Potassium and sodium are alkali metals and are chemically very similar. For this reason, historically their salts were not differentiated. They were finally realized to be different elements when the metals were isolated by electrolysis in the early 19th century. Potassium in nature occurs only as ionic salt. As such, it is found dissolved in seawater, and as part of many minerals. Industrical chemical applications of potassium tend to employ potassium ion's extreme water-solubility as part of chemicals which depend for activity on their non-potassium components. Potassium metal has only a few specialty applications, being replaced in most chemical reactions with sodium metal.

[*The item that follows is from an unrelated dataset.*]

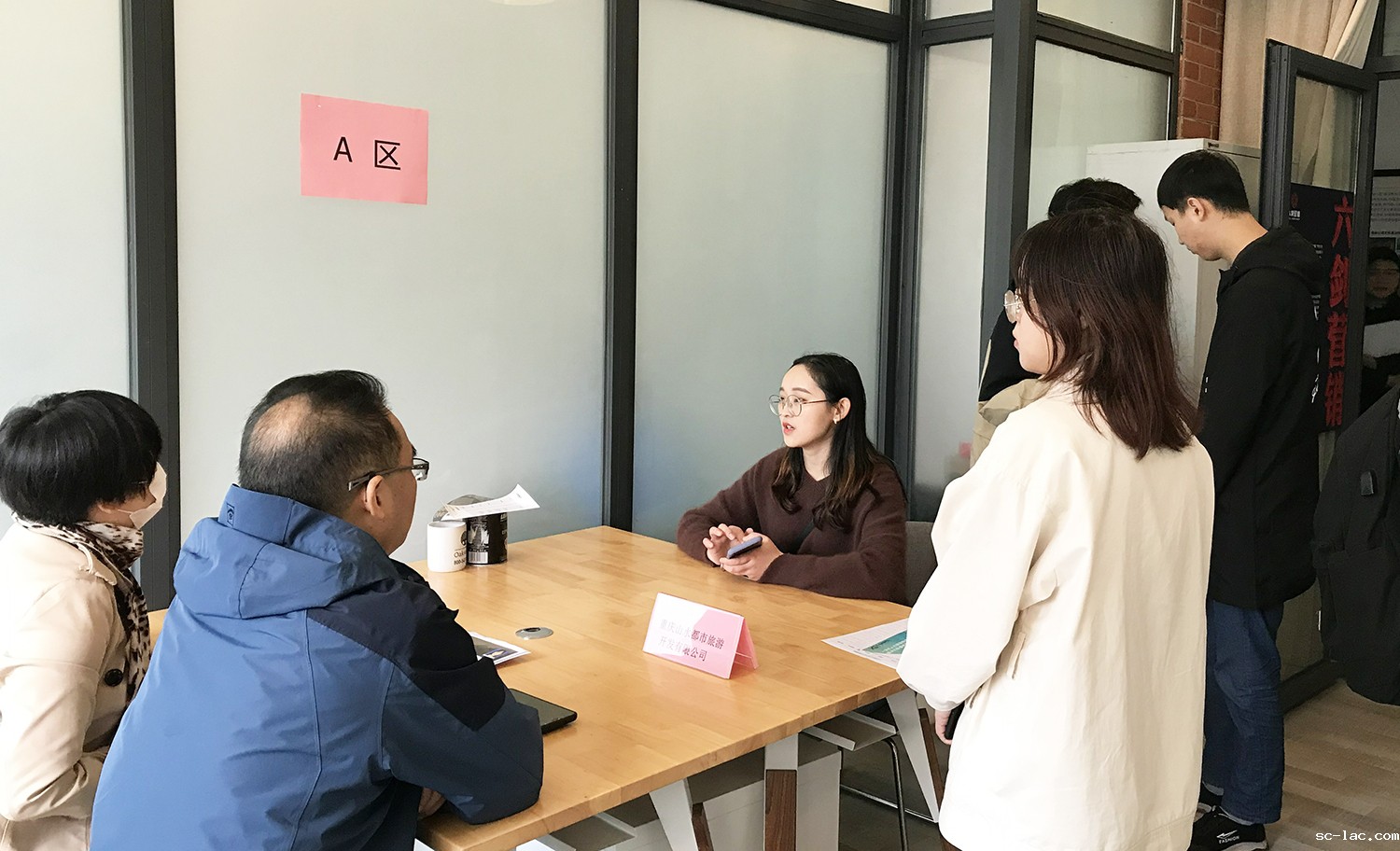 启动仪式结束后,各企业来到招聘室,与同学们进行交流和现场面试。2021届毕业生近100人结合求职目标和实际情况,现场投递简历,与HR面对面沟通,多岗位进行面试,不时听取学院老师意见建议,现场人流穿梭、氛围十分热烈;2018级各专业学生代表也来到现场,投递简历、争取面试,训练胆量、积累经验,寻找实习实训机会和岗位,听取用人单位建议。重庆嘉驰国际公司HR陈莹莹表示,人文学子素质优良、适应能力强、职业精神好,去年招聘的几名优秀毕业生在岗表现优异,因此今年主动申请参加专场招聘,希望继续寻找好苗子;重庆五谷文化传播有限公司董事长、学院2011届校友李俊女生指出,感谢学院的培养,希望拿出的总经理助理、文案策划等岗位,能吸引优秀的学弟学妹加入,共同创业奋斗;重庆安达文化传播有限公司负责人表示,人文毕业生专业素质扎实、整体表现优良,希望能择优录取,为公司储备更多业务人才与管理干部。

Potassium ion is necessary for the function of all living cells, and is thus present in all plant and animal tissues. It is found in especially high concentrations within plant cells, and in a mixed diet, it is most highly concentrated in fruits. The high concentration of potassium in plants, associated with comparatively very low amounts of sodium there, historically resulted in potassium first being isolated from the ashes of plants (potash), which in turn gave the element its modern name. Heavy crop production rapidly depletes soils of potassium, and agricultural fertilizers consume 93% of the potassium chemical production of the modern world economy.

The functions of potassium and sodium in living organisms are quite different. Animals, in particular, employ sodium and potassium differentially to generate electrical potentials in animal cells, especially in nervous tissue. Potassium depletion in animals, including humans, results in various neurological dysfunctions.